» Work task: In the data below, set down exactly the lines from the one containing "2018年10月19日,英国" up to and including the one containing "9mm, Comfort fitWhite". Leave the pictures out.
(Data extract begins)
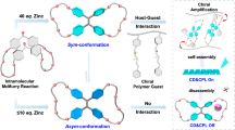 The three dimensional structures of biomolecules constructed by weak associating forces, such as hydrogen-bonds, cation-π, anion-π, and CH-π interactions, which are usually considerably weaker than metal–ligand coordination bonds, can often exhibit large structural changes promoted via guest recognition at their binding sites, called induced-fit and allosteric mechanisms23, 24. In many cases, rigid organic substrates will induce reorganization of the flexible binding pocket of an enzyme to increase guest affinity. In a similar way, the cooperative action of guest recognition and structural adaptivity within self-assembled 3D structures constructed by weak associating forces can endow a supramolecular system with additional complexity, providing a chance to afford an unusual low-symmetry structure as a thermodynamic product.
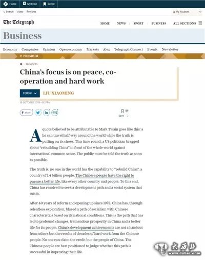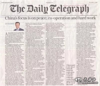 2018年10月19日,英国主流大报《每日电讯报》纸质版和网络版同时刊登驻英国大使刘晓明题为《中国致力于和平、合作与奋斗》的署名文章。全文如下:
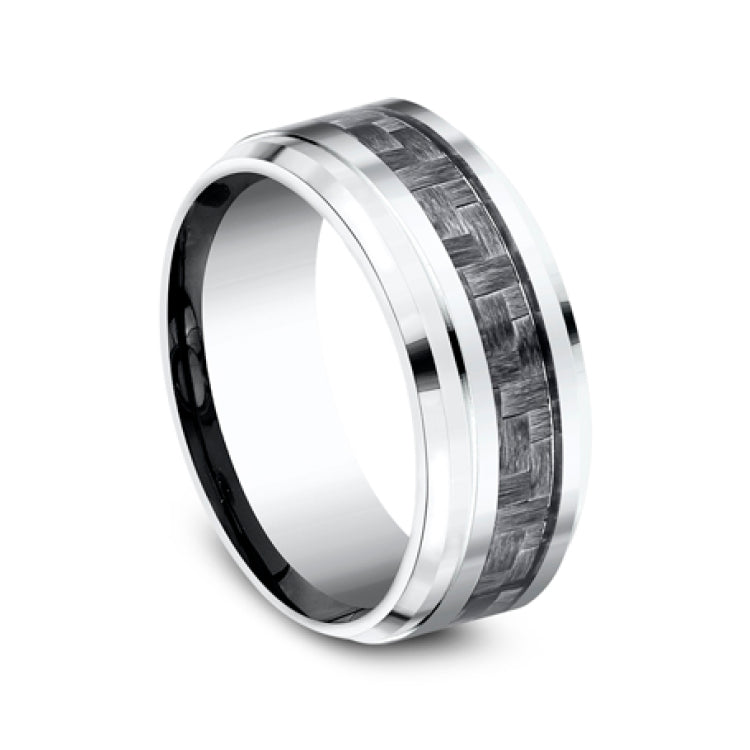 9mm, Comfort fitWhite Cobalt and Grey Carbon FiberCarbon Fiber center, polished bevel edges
(Data extract ends)
(Data extract begins)
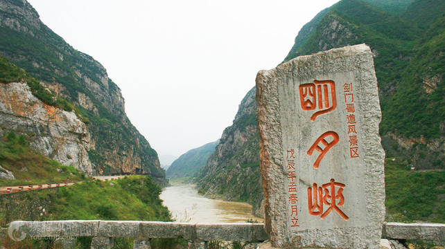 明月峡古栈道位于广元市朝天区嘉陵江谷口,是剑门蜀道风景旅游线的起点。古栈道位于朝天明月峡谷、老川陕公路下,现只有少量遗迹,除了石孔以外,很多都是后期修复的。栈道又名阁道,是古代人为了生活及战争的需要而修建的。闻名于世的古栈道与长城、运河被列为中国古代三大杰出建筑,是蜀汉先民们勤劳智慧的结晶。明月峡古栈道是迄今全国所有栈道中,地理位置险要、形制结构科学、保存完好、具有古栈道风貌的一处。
(Data extract ends)
» Final answer:
 2018年10月19日,英国主流大报《每日电讯报》纸质版和网络版同时刊登驻英国大使刘晓明题为《中国致力于和平、合作与奋斗》的署名文章。全文如下:
 9mm, Comfort fitWhite Cobalt and Grey Carbon FiberCarbon Fiber center, polished bevel edges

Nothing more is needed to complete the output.